South African music is characterized by its fusion of diverse musical forms from South Africa and overseas. By the 1950s unique musical styles had emerged, developed by black musicians in many South African townships. Township jazz, songs, dance, and popular music reflect a combination of traditional music, especially of the Zulu and Sotho peoples, with African American rhythm and blues, jazz, and blues. Some musicians who play in this hybrid style have won international acclaim, including Hugh Masekela, Mahlathini Nezintombi Zomgqashiyo, and Ladysmith Black Mambazo. Ladysmith Black Mambazo performs isicathamiya, a Zulu-influenced choral style that is sung a cappella, or without instrumental accompaniment. The group became prominent through their collaboration with American singer and songwriter Paul Simon. Also of note are the accordion jive music of Nelcy Sedibe, which developed as township street music and was influenced by American swing, and the modern, electric versions of Zulu traditional music performed by Moses Mchunu. Classical composers have begun to experiment with traditional African musical instruments as well. The Soweto String Quartet has emerged as an important example of this approach.

The development of dance in recent years is linked to the development of protest musicals in the theater. Styles of dancing on the stage include the toyi-toyi, a militant marching dance adapted from South African protest marches, as well as traditional Zulu dances. There are three professional ballet companies in South Africa and several independent groups.

D

Theater and Film

South African theater won international acclaim in the 1980s. A distinctive theater form emerged from the tense sociopolitical climate of the 1970s and 1980s. New and alternative theater groups were established, and a playwriting tradition developed, influenced by the Black Consciousness Movement. This theater form uses popular theater as a vehicle of protest and social commentary, mixing African and Western elements in productions of intense energy and vitality. This tradition is perhaps best exemplified by the work of Athol Fugard and by the world-famous Market Theatre in Johannesburg.

A national film industry has been slow to develop in South Africa. This is in part due to past apartheid policies and ineffective state subsidies for film. Darryl Roodt’s A Place of Weeping (1986) was the first film criticizing apartheid ever shown on the South African film circuit and effectively marked the beginning of an alternative film industry in South Africa. In 1995 Roodt also directed Cry the Beloved Country, based on a novel by Alan Paton. In 1995 the government created a fund for training and developing emerging talent in the local film industry, and a new film subsidy scheme. The Cape Film and Video Foundation, founded in 1993, actively promotes the Cape provinces as locations for international filmmaking.

E

Libraries and Museums

Nearly all South African towns and cities have libraries, the largest of which is the Johannesburg Public Library, with more than 1.6 million volumes.
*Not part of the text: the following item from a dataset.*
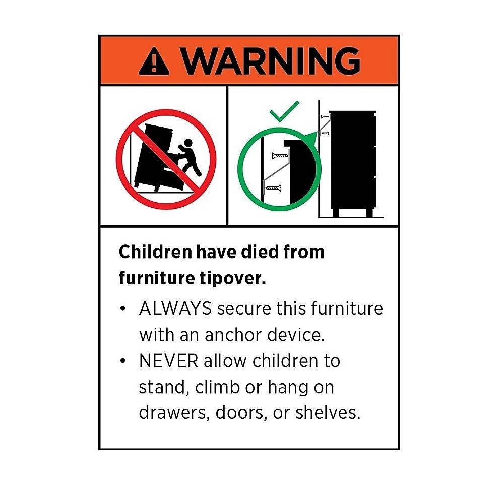 • NEVER allow children to stand, climb, or hang on drawers, doors, or shelves.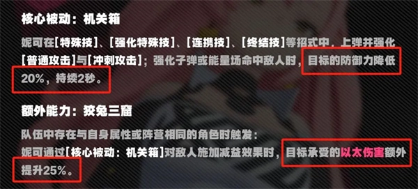 在新版本里,妮可的核心被动调整为减防效果,1级核心技能就具备20%的减防能力,随着等级提升,减防数值会变得相当可观。凭借这一特性,她能灵活加入队伍,充当聚怪兼减防的辅助角色,泛用性得到了大幅增强。要是和以太属性的主C组队,她还能额外提供25%的以太易伤加成。尽管目前暂时没有其他以太属性角色,但整体而言,妮可的功能性已有显著提升。

Other important libraries include the South African Library in Cape Town, the State Library in Pretoria, and university libraries including those of the University of South Africa, the University of the Witwatersrand, the University of Cape Town, the University of Stellenbosch, and the University of Pretoria.

South Africa has a large number of museums located in all major and many lesser cities and towns. The most notable include the National Museum in Bloemfontein, which contains archaeology, paleontology, and anthropology collections; MuseumAfrica in Johannesburg, which has collections relating to South African history, including displays representing the lives of South Africans under apartheid; and in Cape Town, the Michaelis Collection, the South African National Gallery, the South African Museum, and the South African Cultural History Museum.